The Ripton resident is known for founding the grassroots environmental organization 350.org with a group of Middlebury College students in 2008 and writing one of the first books about climate change for a general audience, “The End of Nature,” published in 1989.
Now, he’s stepping away from his weekly New Yorker column to dedicate more time to a new organization, called Third Act, aimed at engaging activists over age 60.
McKibben announced a “very soft launch” of the organization on Twitter on Wednesday afternoon, Sept. 1. By midday Thursday, he said, thousands of people had already signed up.
McKibben, who is 60 years old himself, said he’s become convinced that his generation should more actively join the climate movement, following in the footsteps of a galvanized youth. He noted that Americans his age and older have a large share of the country’s financial assets and a tendency to vote in high numbers, giving them political power.

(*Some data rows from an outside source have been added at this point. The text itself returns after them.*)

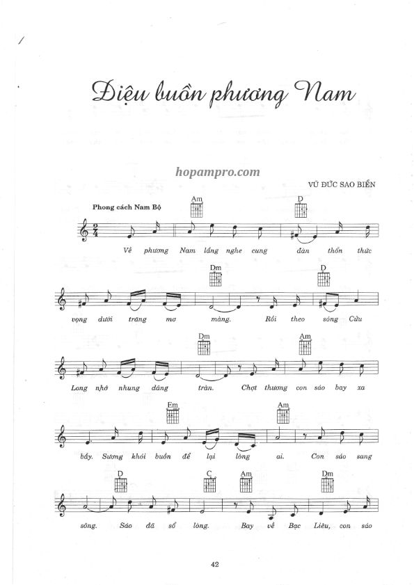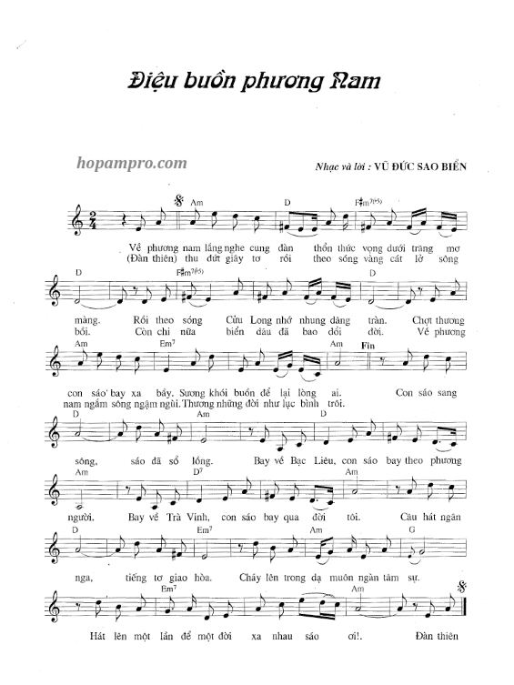 Sheet nhạc bài: ĐIỆU BUỒN PHƯƠNG NAM
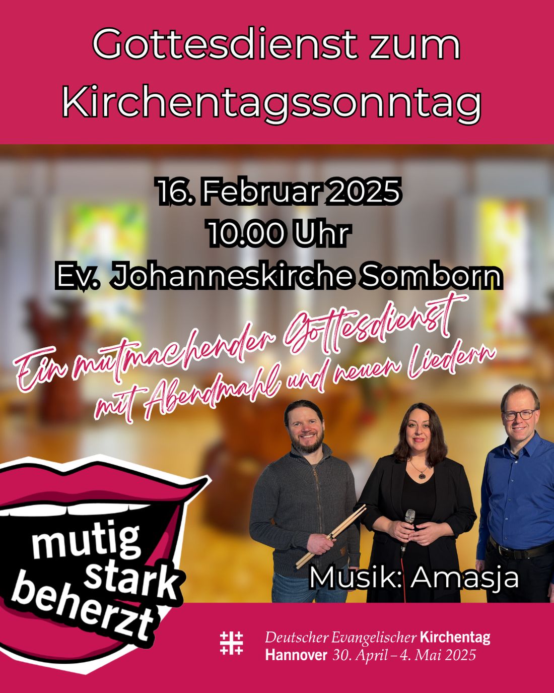„Mutig – stark – beherzt“ – unter dieser Losung lädt die Evangelische Johannesgemeinde Freigericht am Kirchentagssonntag, 16. Februar, um 10 Uhr zu einem ermutigenden und stärkenden Gottesdienst in die Evangelische Johanneskirche nach Somborn ein.
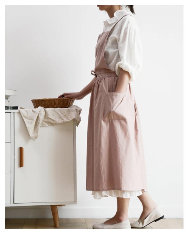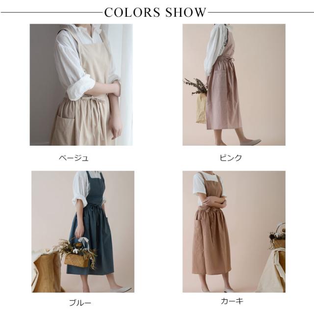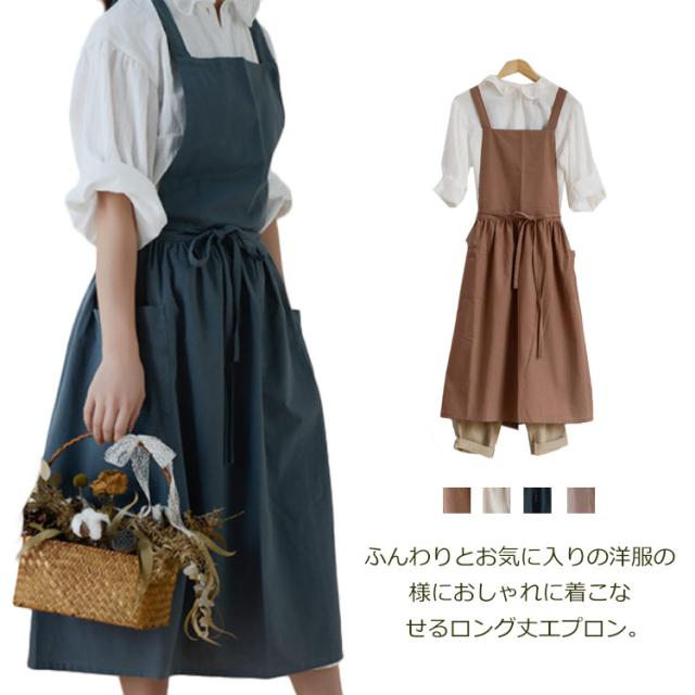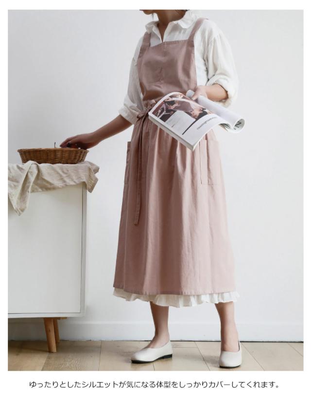 送料無料 エプロン 綿麻 リネン ナチュラル ワンピース おしゃれ コットンリネン 楽ちん 着脱かんたん ロング 背付き かわいい キッチン 家事 カフェ 保育士 料理人 スーパー用 花屋 介護士 母の日 プレゼント ギフト 贈り物

“There’s not enough pressure yet to produce the results that science requires,” said McKibben in a phone interview, his voice raised over the sounds of New York City streets. He had planned to return to Vermont on Thursday, but disastrous flooding from the remnants of Hurricane Ida shut down transportation in the city. The storm’s rising death toll includes at least 24 people in New York, New Jersey and Pennsylvania.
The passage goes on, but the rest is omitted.